▸ Exercise requirements
Transcribe the entries exactly. Omit the pictures.

# # # # #

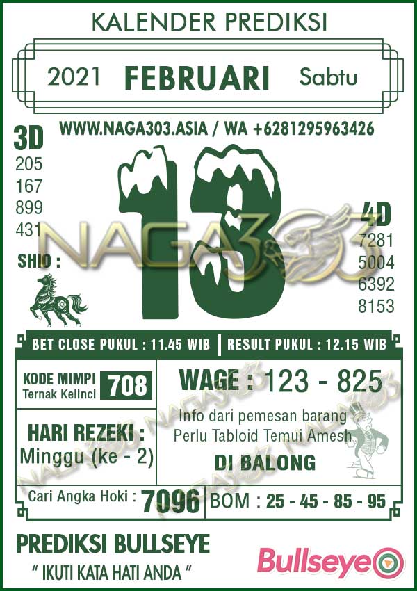 Prediksi Bullseye Sabtu 13 Februari 2021
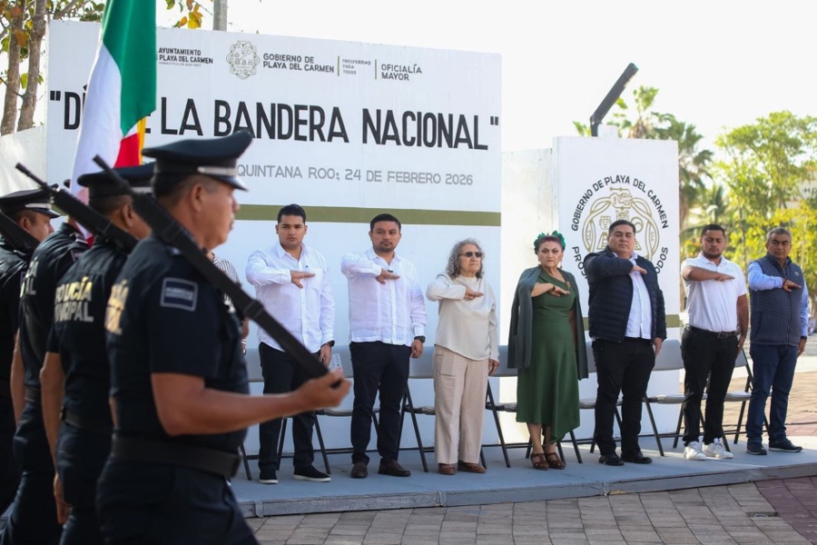 Playa del Carmen.- El Gobierno de Playa del Carmen, encabezado por la presidenta municipal Estefanía Mercado, conmemoró el Día de la Bandera con una ceremonia cívica en la que se rindieron honores al Lábaro Patrio, reafirmando que México es una nación fuerte y que los colores de la enseña nacional representan la historia, la unidad y la fortaleza del pueblo mexicano.
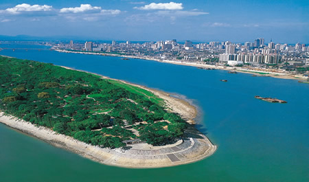 四面环水,洲上林木众多,远看如一艘墨绿色的巨舰,逆水扬波护卫着长沙古城。它西望岳麓,东临城邑,南北长5km,东西宽50~200m,总面积近70hm2,是国内最著名的江心洲,也是世界上最长的内河绿洲。洲上盛产美橘,故名橘洲,自古以秀丽风光、悠久历史著称,是宋代著名的“潇湘八景”之“江天暮雪”所在。橘洲“五六月间无暑气”,是一处消夏胜地,毛泽东青年时代常来此地游泳漫步,在沙滩上进行日光浴。现橘子洲已辟为公园,植有柑橘千株,每当秋收季节,橘果累累;建有亭廊,公园中耸立着一块巨型汉白玉纪念碑,碑上篆刻着毛泽东手书的“橘子洲头”四个大字和他1925年秋写的《沁园春·长沙》一词;橘洲中部的两侧建有天然游泳场;洲上有公路纵贯南北。市政府拟将此地建成一个集园林、旅游、娱乐、体育、文化、商贸于一体的多功能国际性观光文化名胜区。规划中的景区分为“二廊七园”:十里湖湘文化廊、十里水上游乐廊、万橘竞秀园、回归自然园、来者谐乐园、购物美食园、健身益寿园、风情度假园、野外生活园,拟投资20亿元。
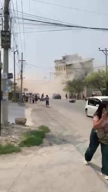 Footage shows the devastation in Mandalay as debris and dust filled the roads. Motorcycle riders were flung to the ground and a number of cars crashed. 2025-03-28 17:03:35
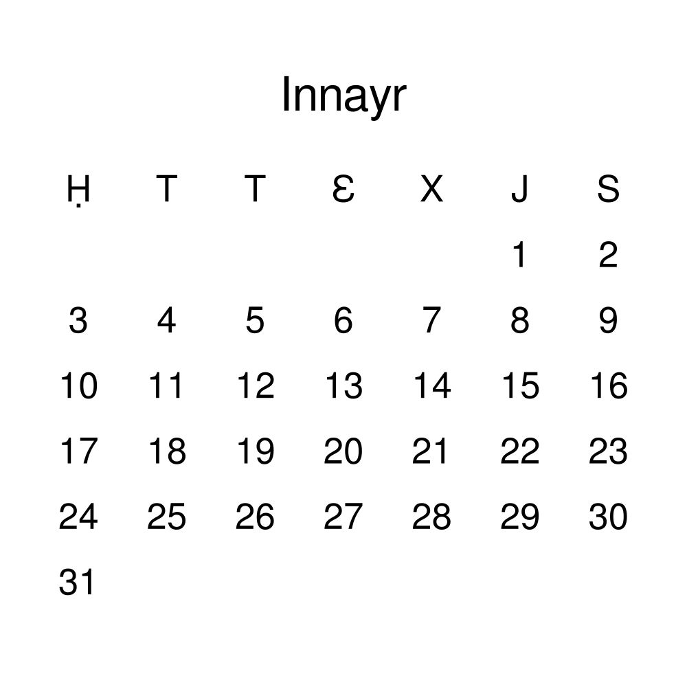 This calendar features the Tashelhit names of months and days of the week on top of a standard Gregorian calendar layout. Beyond its utility for tracking dates, it serves as an educational tool, cultural touchstone (cultural artifact), and functional decor (aesthetic object).
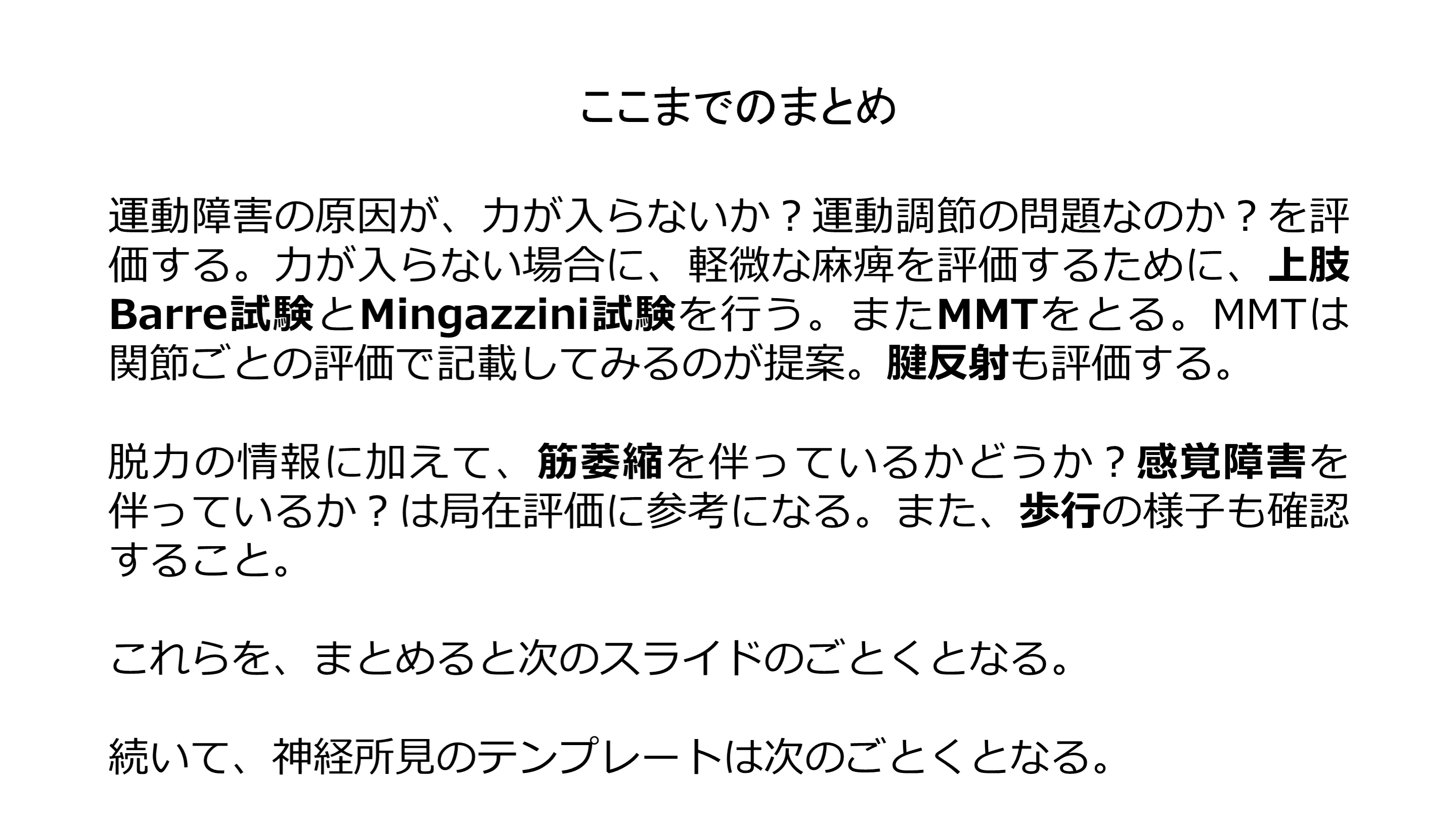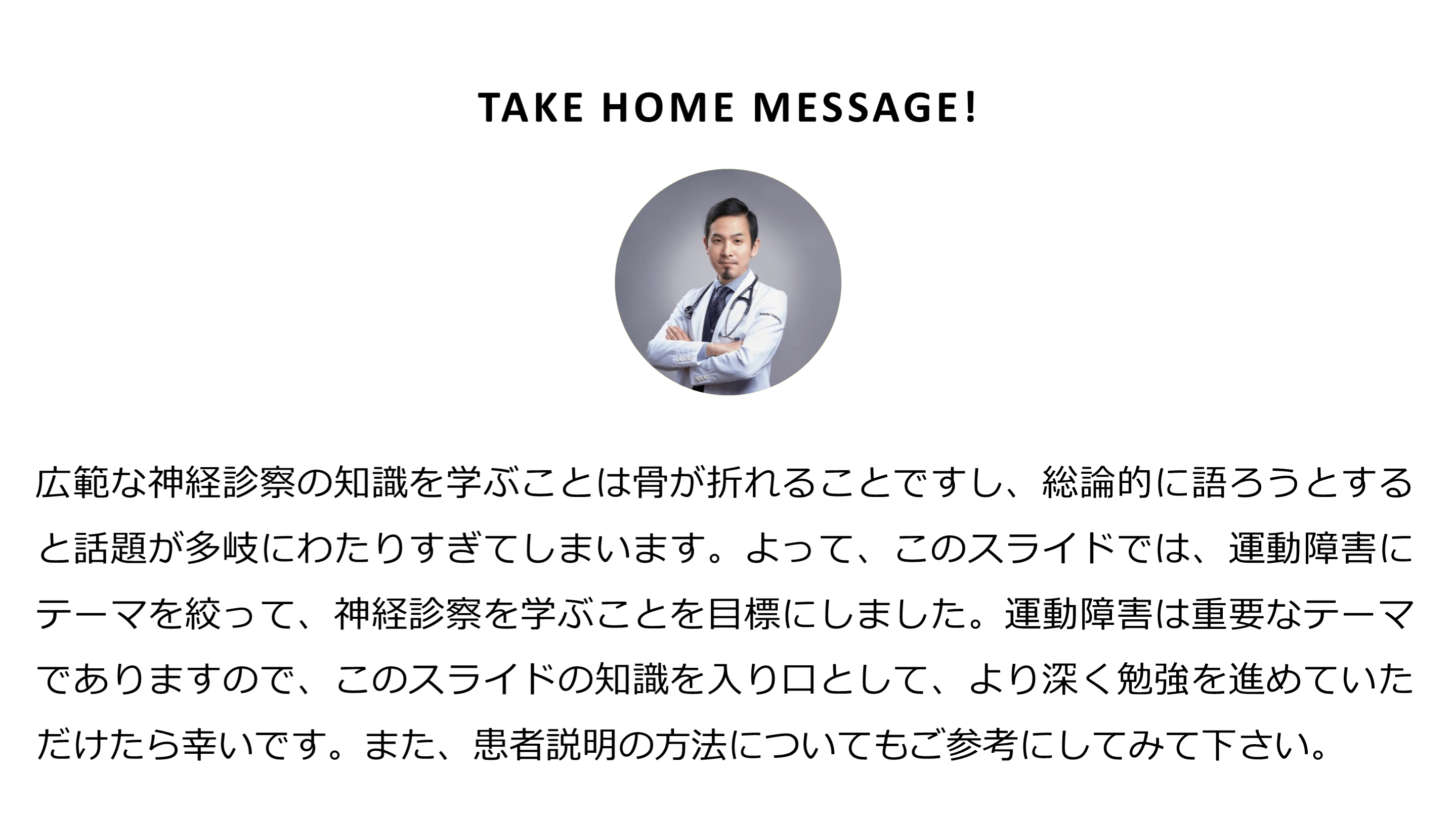 #53. 広範な神経診察の知識を学ぶことは骨が折れることですし、総論的に語ろうとすると話題が多岐にわたりすぎてしまいます。よって、このスライドでは、運動障害にテーマを絞って、神経診察を学ぶことを目標にしました。運動障害は重要なテーマでありますので、このスライドの知識を入り口として、より深く勉強を進めていただけたら幸いです。また、患者説明の方法についてもご参考にしてみて下さい。 TAKE HOME MESSAGE!
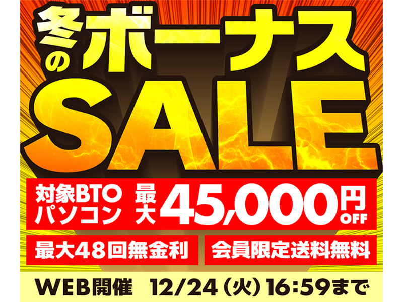 パソコン工房、対象PCが最大4万5,000円オフの「冬のボーナスセール」

# # # # #

▸ Response below
 Prediksi Bullseye Sabtu 13 Februari 2021
 Playa del Carmen.- El Gobierno de Playa del Carmen, encabezado por la presidenta municipal Estefanía Mercado, conmemoró el Día de la Bandera con una ceremonia cívica en la que se rindieron honores al Lábaro Patrio, reafirmando que México es una nación fuerte y que los colores de la enseña nacional representan la historia, la unidad y la fortaleza del pueblo mexicano.
 四面环水,洲上林木众多,远看如一艘墨绿色的巨舰,逆水扬波护卫着长沙古城。它西望岳麓,东临城邑,南北长5km,东西宽50~200m,总面积近70hm2,是国内最著名的江心洲,也是世界上最长的内河绿洲。洲上盛产美橘,故名橘洲,自古以秀丽风光、悠久历史著称,是宋代著名的“潇湘八景”之“江天暮雪”所在。橘洲“五六月间无暑气”,是一处消夏胜地,毛泽东青年时代常来此地游泳漫步,在沙滩上进行日光浴。现橘子洲已辟为公园,植有柑橘千株,每当秋收季节,橘果累累;建有亭廊,公园中耸立着一块巨型汉白玉纪念碑,碑上篆刻着毛泽东手书的“橘子洲头”四个大字和他1925年秋写的《沁园春·长沙》一词;橘洲中部的两侧建有天然游泳场;洲上有公路纵贯南北。市政府拟将此地建成一个集园林、旅游、娱乐、体育、文化、商贸于一体的多功能国际性观光文化名胜区。规划中的景区分为“二廊七园”:十里湖湘文化廊、十里水上游乐廊、万橘竞秀园、回归自然园、来者谐乐园、购物美食园、健身益寿园、风情度假园、野外生活园,拟投资20亿元。
 Footage shows the devastation in Mandalay as debris and dust filled the roads. Motorcycle riders were flung to the ground and a number of cars crashed. 2025-03-28 17:03:35
 This calendar features the Tashelhit names of months and days of the week on top of a standard Gregorian calendar layout. Beyond its utility for tracking dates, it serves as an educational tool, cultural touchstone (cultural artifact), and functional decor (aesthetic object).
 #53. 広範な神経診察の知識を学ぶことは骨が折れることですし、総論的に語ろうとすると話題が多岐にわたりすぎてしまいます。よって、このスライドでは、運動障害にテーマを絞って、神経診察を学ぶことを目標にしました。運動障害は重要なテーマでありますので、このスライドの知識を入り口として、より深く勉強を進めていただけたら幸いです。また、患者説明の方法についてもご参考にしてみて下さい。 TAKE HOME MESSAGE!
 パソコン工房、対象PCが最大4万5,000円オフの「冬のボーナスセール」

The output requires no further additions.